>Cast a vote for people expressing such views and you back them up. I don't, personally, give a fuck if you're not
actively doing it. You are a part of it.
I agree. And similarly if you cast a vote for the other you're part of our treatment of the middle east which really set the stage for the current batch of racists, mass unwarranted surveillance, sweat shops, the increasing wealth-gap etc. etc.
>Xen, I know full well the people voting Brexit weren't voting so because of the economy, they were mainly being racist and scapegoating the 'other'.
I absolutely disagree on this. I believe they are being used to push through a racist agenda and, of course, some are racist, just as some labour/tory/lib dem/whatever voters are - we are a racist society.
I'm not even arguing that they wouldn't espouse some views that we'd find racist. But, again, this didn't come out of nowhere - in the climate of post 9/11 jingoism politicians on the right decided they could win votes with an anti-immigration stance and they could do so without losing votes from the centre if they contextualised it economically. Which is fine (by which I mean unsurprising), it's the centre right being the centre right.
The problem is that, seeing what a populist issue this was, the left (I mean centre left, labour, lib dems) accepted that contextualisation, as did the largely liberal popular media. We've had over a decade of this validation of racist views to which *everyone* is subject - all mainstream parties, the media and people in general have moved to the right in this regard and literally no one in the mainstream has offered an alternative formulation.
A labour politician, for example, will express this stuff with more sophistication and subtlety than your average brexit voter but, really, they're expressing the exact same things.
People voted brexit over the bullshit issue of sovereignty (which, again, the left didn't have the balls to actually argue *against*) and alienation from neoliberalism in general and austerity in particular (which, again, the left didn't meaningfully oppose). The racist stuff is context, not substance, for most.
I want to be clear that I'm not arguing for Trump or Brexit nor that they should be acceptable to *anyone*.
I'm saying that the left has entirely failed. On post 9/11 stuff, on immigration, on the EU and on austerity. The left *should* be offering the disenfranchised many an alternative formulation of what our problems are but they're too shitscared of losing all the middle class votes they won by going the 'third way'. So we've got two parties:
One who favours neoliberal economics and globalism, largely in the pocket of big business, historical record of continuing to widen the wealth gap and is pro-austerity.
And one who favours neoliberal economics and globalism, largely in the pocket of big business, historical record of continuing to widen the wealth gap and is pro-austerity.
All of which either actively hurts or does not meaningfully apply to anyone but business owners and the middle class.
We (you and I and most people here) are privileged as all fuck. We've benefited from (most of) this stuff. Not as much as the super wealthy but enough that we can see it. Some people haven't benefited, or have benefited so little as for it to be insulting. Why *the fuck* should they care that one option is slightly better than the other when that betterness doesn't even meaningfully apply to them? To keep you and I content while we continue to fuck the poor both here and in the rest of the world?

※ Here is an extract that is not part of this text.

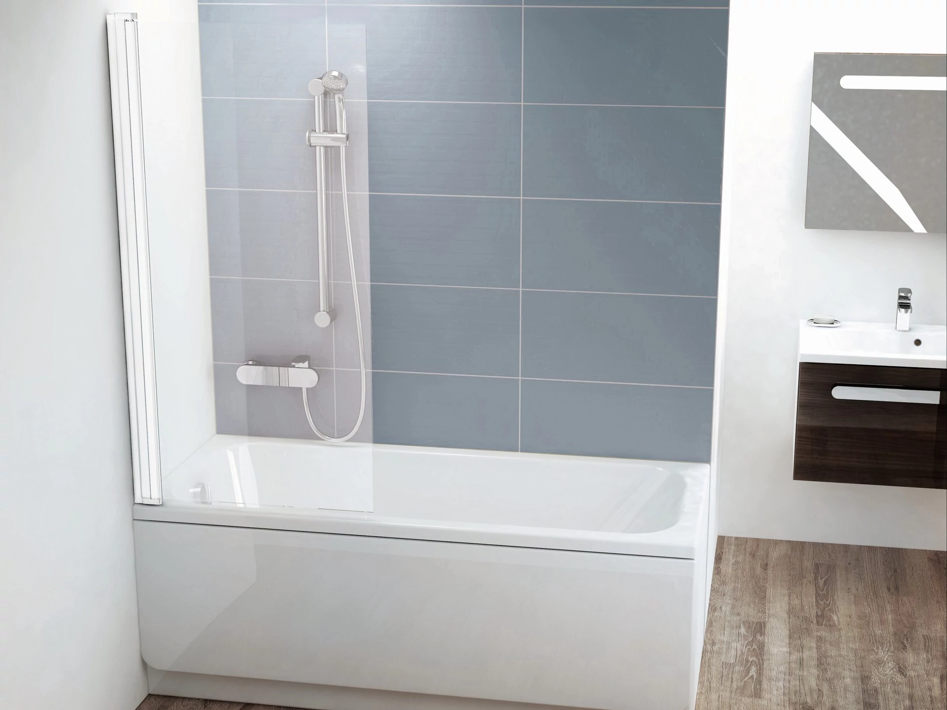 A fürdőkád paraván 6 mm vastag biztonsági üvegből készült. A termék egy kifelé és befelé is nyitható ajtóból áll. A kifelé-befelé nyithatóság, valamint a Transparent üveg megkönnyíti a tisztántartást. A fürdőkád paravánt téglalap alakú kádakhoz lehet telepíteni vagy bármilyen hagyományos téglalap alakú kádhoz, amelynek felső széle egyenes. A paraván standard magassága 1500 mm.

Brexit and Trump offered an opportunity to vote against *that*. Against the whole system. To reject it all. It's not *effective*, of course, because Trump and the brexiteers are just as deep in that bullshit as are the mainstream politicians. They have been sold a false narrative and that was possible because
the left abandoned them.
We need fundamental change - you mentioned climate change and that's a prime example - and *no* mainstream party or candidate will deliver that.
I agree with Manthorp. Because the left has failed there's no democratic path to the change we need. We have one ideology to vote for and that ideology is incapable of meaningful progress. We're not even really capable, as a society, of actual political discourse because we've all validated the same context. There *is* (aside from Corbyn who is being fucked by the neoliberals in his own party) no mainstream anti-austerity argument, no pro-Europe critique of the EU, no discussion of the wealth gap, no rational discussion of immigration, no rational discussion of security issues and surveillance and certainly no intent to do anything effectual about climate change.
I do think there's some hope in that people like Yanis Varoufakis and Paul Mason seem to get what's actually going on and are talking about it to anyone who will listen and movements are forming around their ideas - a good example being
DiEM25, with whom I don't agree entirely but for whom I'd be *more* than happy to vote unlike any of our current parties.
Not much hope though. I think, if we don't make the planet inhospitable making it all moot and the left doesn't get its shit together and offer a workable interpretation of that alienation and disenfranchisement, we're heading for something like the 1930s again with something at least superficially like fascism on the rise and, this time, without anything like communism to stand in opposition to it.